Company officials raised the issue in November 1959 with the minister of Hydraulic Resources, Daniel Johnson, whose response was "mostly negative". The Tracy project, and the planned development of a hydroelectric power station on the Upper Saint-Maurice at Rapide des Coeurs, remained dormant for a while as Quebec was a few months away from a provincial election.

The new Premier, Jean Lesage, approved the new plant in May 1961, conditional to a commitment to build both the hydroelectric generating station at Rapide des Coeurs and the petrochemical plant in Varennes. The construction of the generating station and the petrochemical plant were announced on July 31. Work on the first phase of the Tracy plant started in March 1962 with United Engineers and Constructors of Philadelphia as the lead contractor. The work site employed 800 people.

The first two units were completed after Hydro-Québec's hostile takeover of SW&P and every other investor-owned public utility in the province, as part of Quebec's nationalization of electricity policy.
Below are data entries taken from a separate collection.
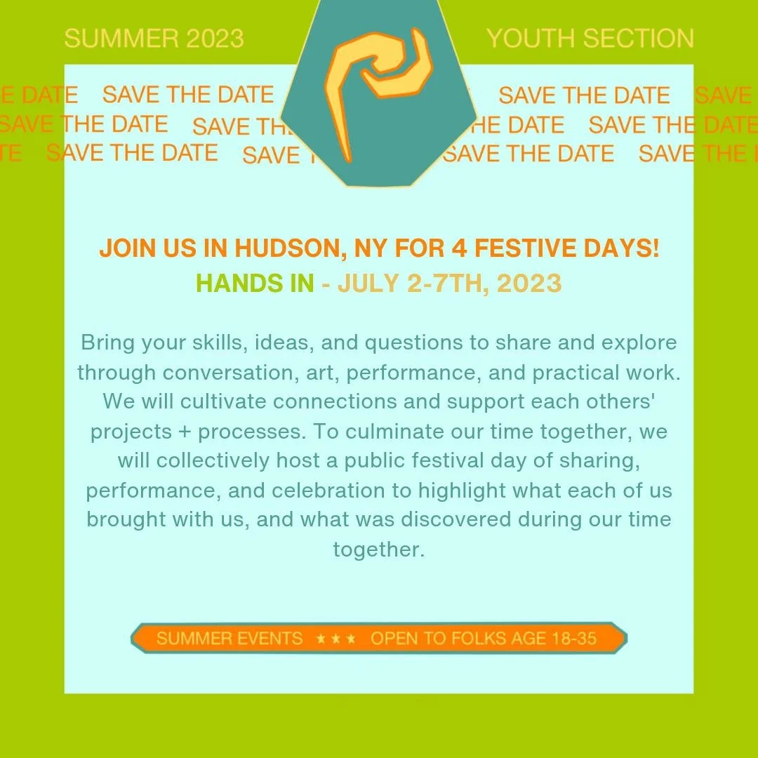 Bring your skills, ideas, and questions to share and explore through conversation, art, performance, and practical work. We will cultivate connections and support each others' projects + processes. To culminate our time together, we will collectively host a public festival day of sharing, performance, and celebration to highlight what each of us brought with us, and what was discovered during our time together.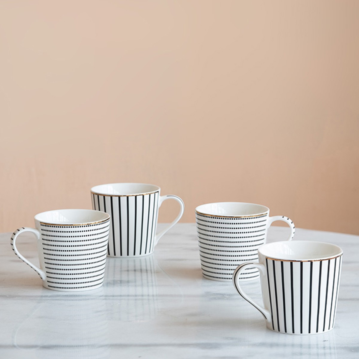 Artekko Iqorser Κούπες Bone China Πορσελάνη Λευκό/Μαύρο (10x13.5x9)cm Σετ/4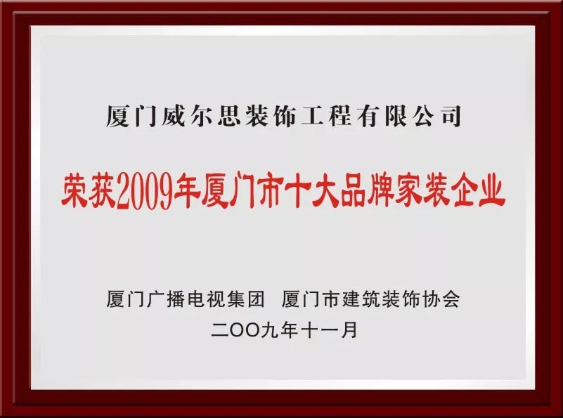 2009年在管理上威爾思裝飾引進(jìn)ISO:9002國(guó)際質(zhì)量管理體系,促使公司管理與國(guó)際同步,走上正規(guī)化,同時(shí)榮獲“廈門市315信譽(yù)單位”“廈門十大品牌家裝企業(yè)”;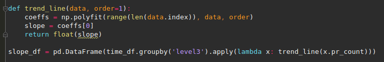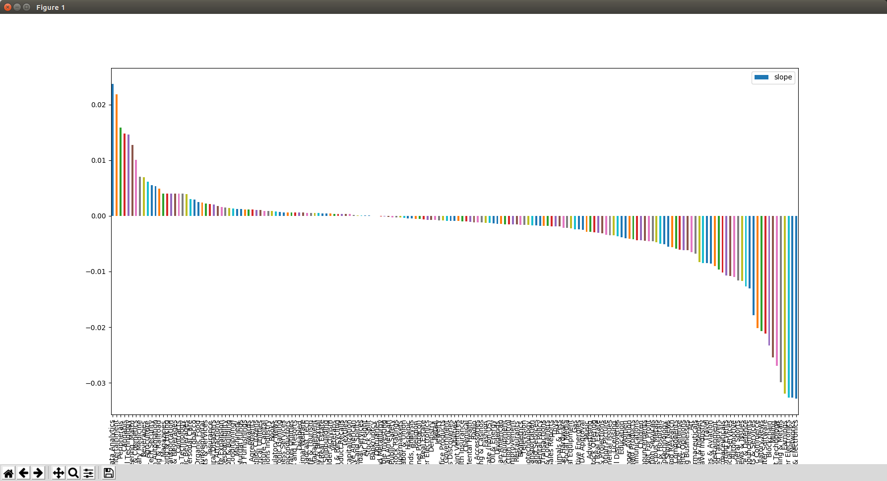 The trend_line function takes time series data frame as an argument and returns slope. If the slope is greater than 0, then the time series data have an upward trend. After applying trend_line function to all industries, I could plot trend against industries.

Shortly after the 1963 buyout, Hydro ordered a second set of two units, to be built next to the first two, and gave the construction contract to Shawinigan Engineering. Work started in March 1965, and the last unit was delivered in February 1968.
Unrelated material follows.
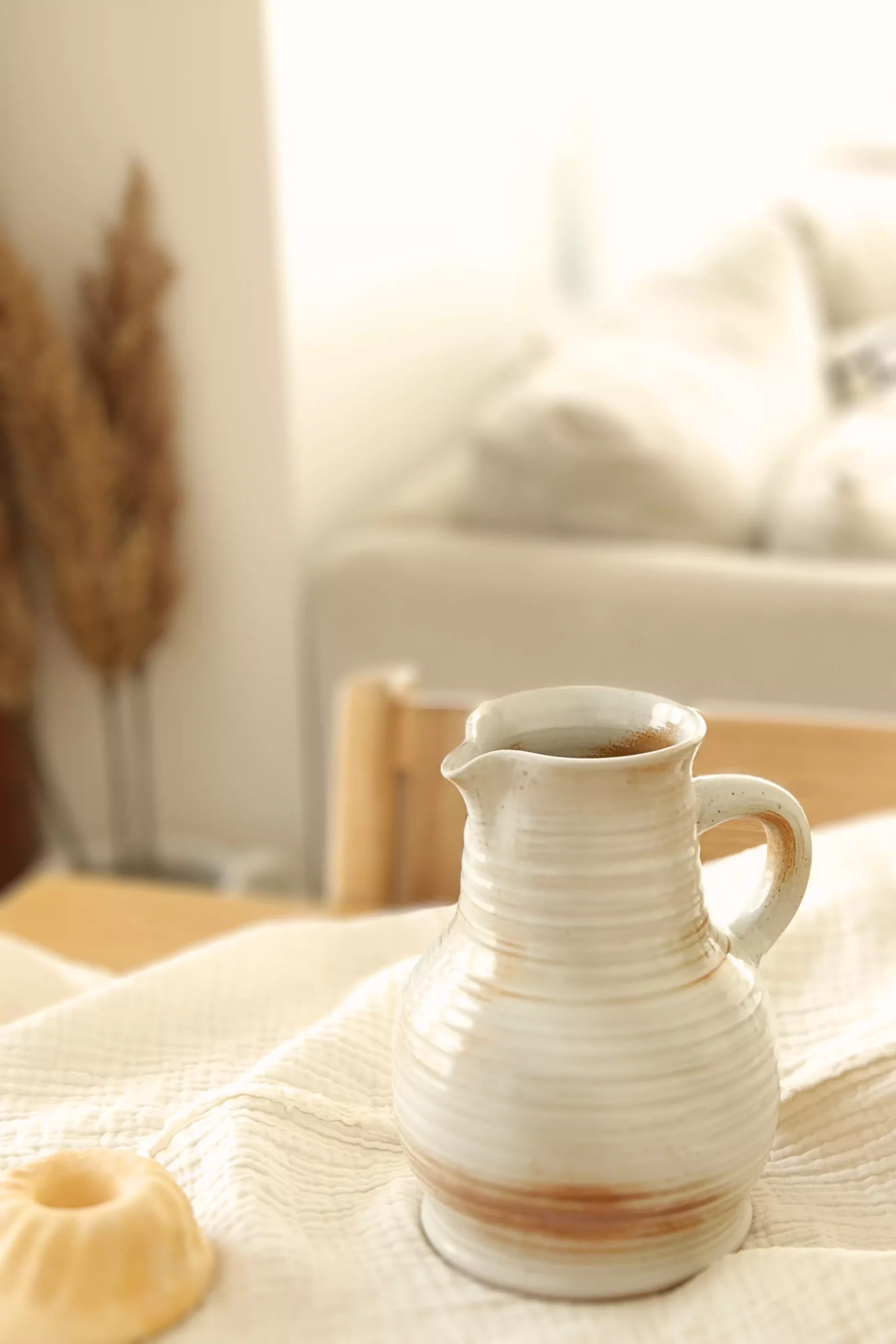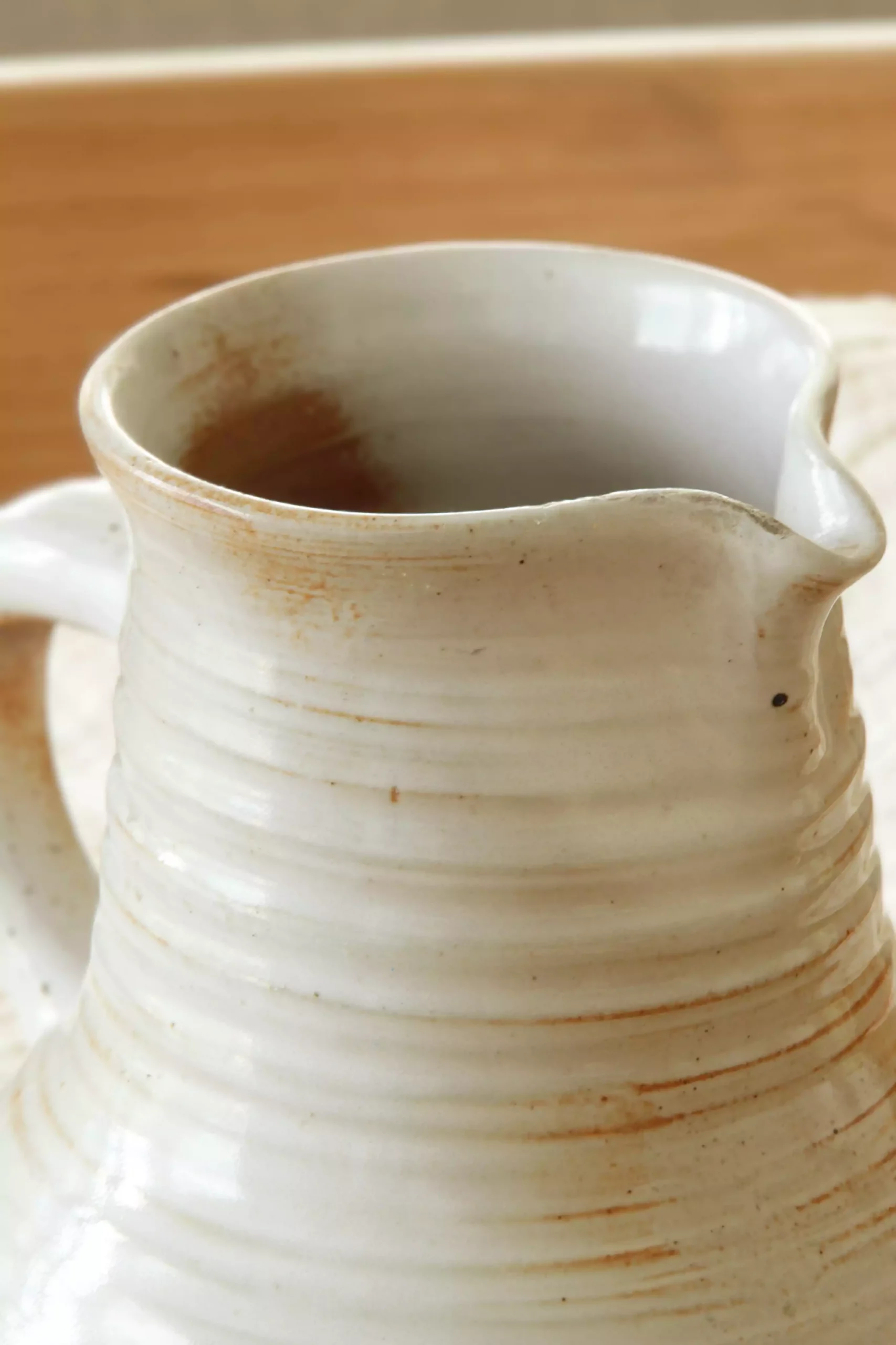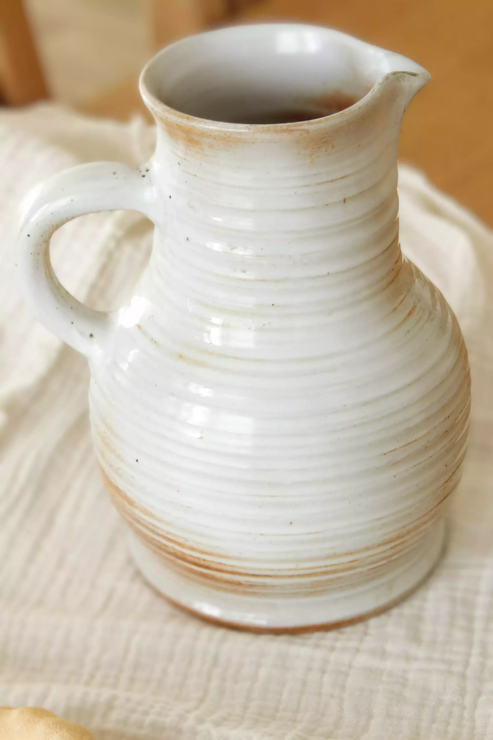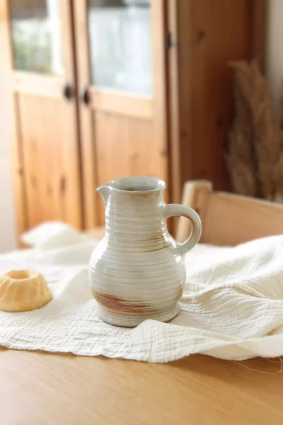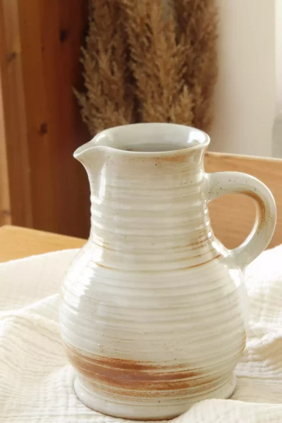 Ce pichet en grès piqueté, aux teintes beige avec un dégradé de marron, se distingue par ses stries apparentes. Témoignant de sa confection artisanale au tour. L’anse grande et fonctionnelle permet une prise en main facile, faisant de ce pichet un choix idéal pour servir vos boissons préférées. Parfait également comme vase, il apporte une touche de charme rustique à votre intérieur, mettant en valeur vos bouquets de fleurs fraîches ou séchées.

In a booklet published by the public relations branch of Hydro-Québec in August 1965, shortly after the commissioning of the second unit, the utility explains its decision to upgrade the plant by "the urgent need to ensure extra capacity now and the advisability of creating an adequate reserve for future operations", adding that the role of the plant would change over its operating life. Cheaper to build than a hydroelectric power station and located closer to the major load centres, the plant could be used as spare capacity to supply peak-hour energy to the system, supplement hydro production in low-water years, and could come on-line during power outages or act as synchronous condensers, providing reactive power to control the voltage on the grid.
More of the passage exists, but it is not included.